SOURCE DATA =>
◆ ◆ ◆
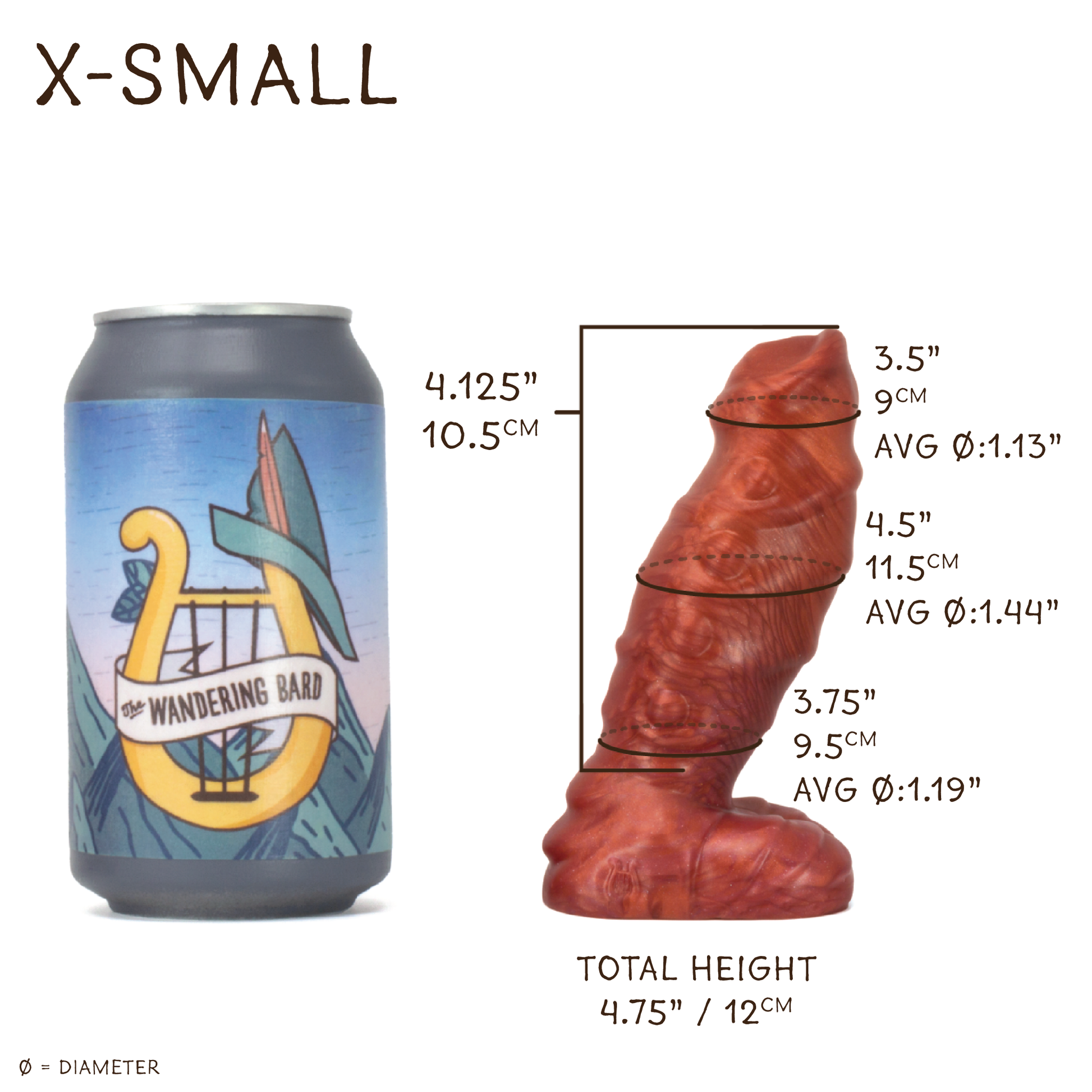 Above Base Circumference: 3.75" / 9.5cm ; Avg Diameter: 1.19"
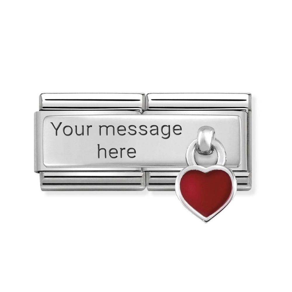 Original Engraving link for bracelet with plaque and pendant in sterling silver and enamel RED HEART. Made in Italy. This Engraving Link leaves room for your dedication to the one in your heart. The perfect gift for Valentine's Day or a Wedding Anniversary.
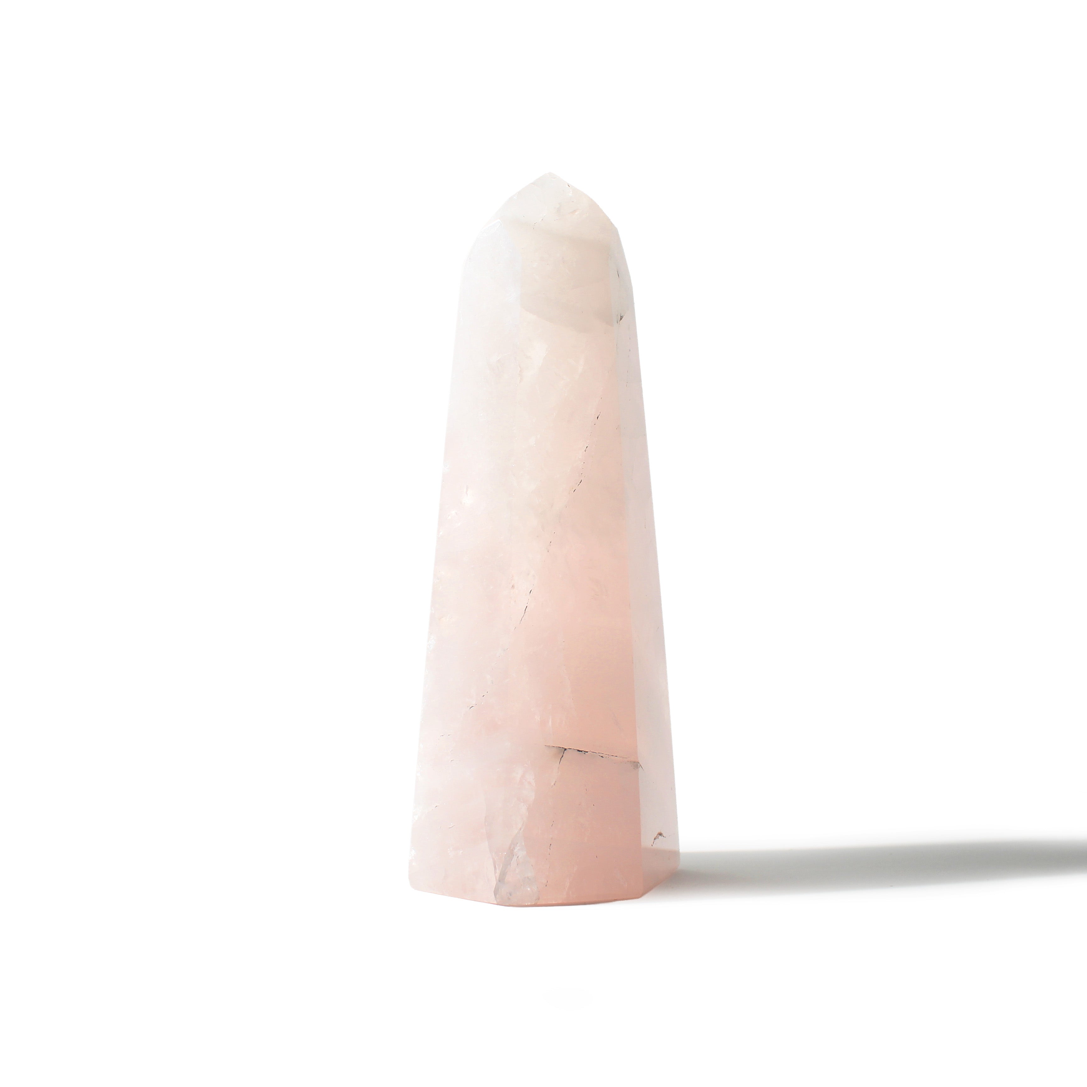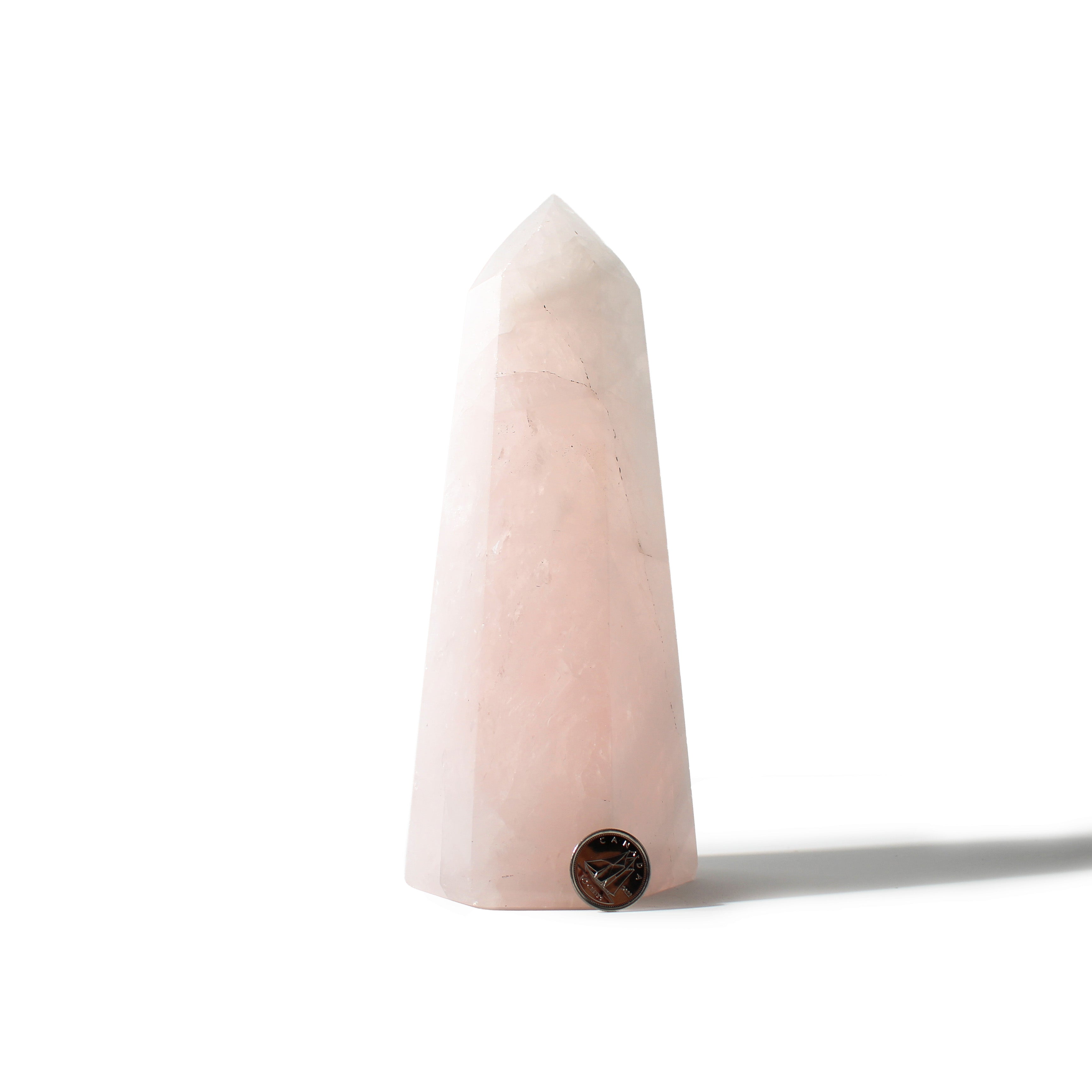 This Rose Quartz Generator stands 7" tall, showcasing soft blush-pink tones with gentle translucency, polished into a smooth, elegant point that radiates calming, heart-centered energy. Each piece highlights Rose Quartz's natural beauty and soothing presence.
◆ ◆ ◆
TASK TO COMPLETE =>
Print every line above once more, exactly. Omit the pictures.

RESPONSE BOX =>
 Above Base Circumference: 3.75" / 9.5cm ; Avg Diameter: 1.19"
 Original Engraving link for bracelet with plaque and pendant in sterling silver and enamel RED HEART. Made in Italy. This Engraving Link leaves room for your dedication to the one in your heart. The perfect gift for Valentine's Day or a Wedding Anniversary.
 This Rose Quartz Generator stands 7" tall, showcasing soft blush-pink tones with gentle translucency, polished into a smooth, elegant point that radiates calming, heart-centered energy. Each piece highlights Rose Quartz's natural beauty and soothing presence.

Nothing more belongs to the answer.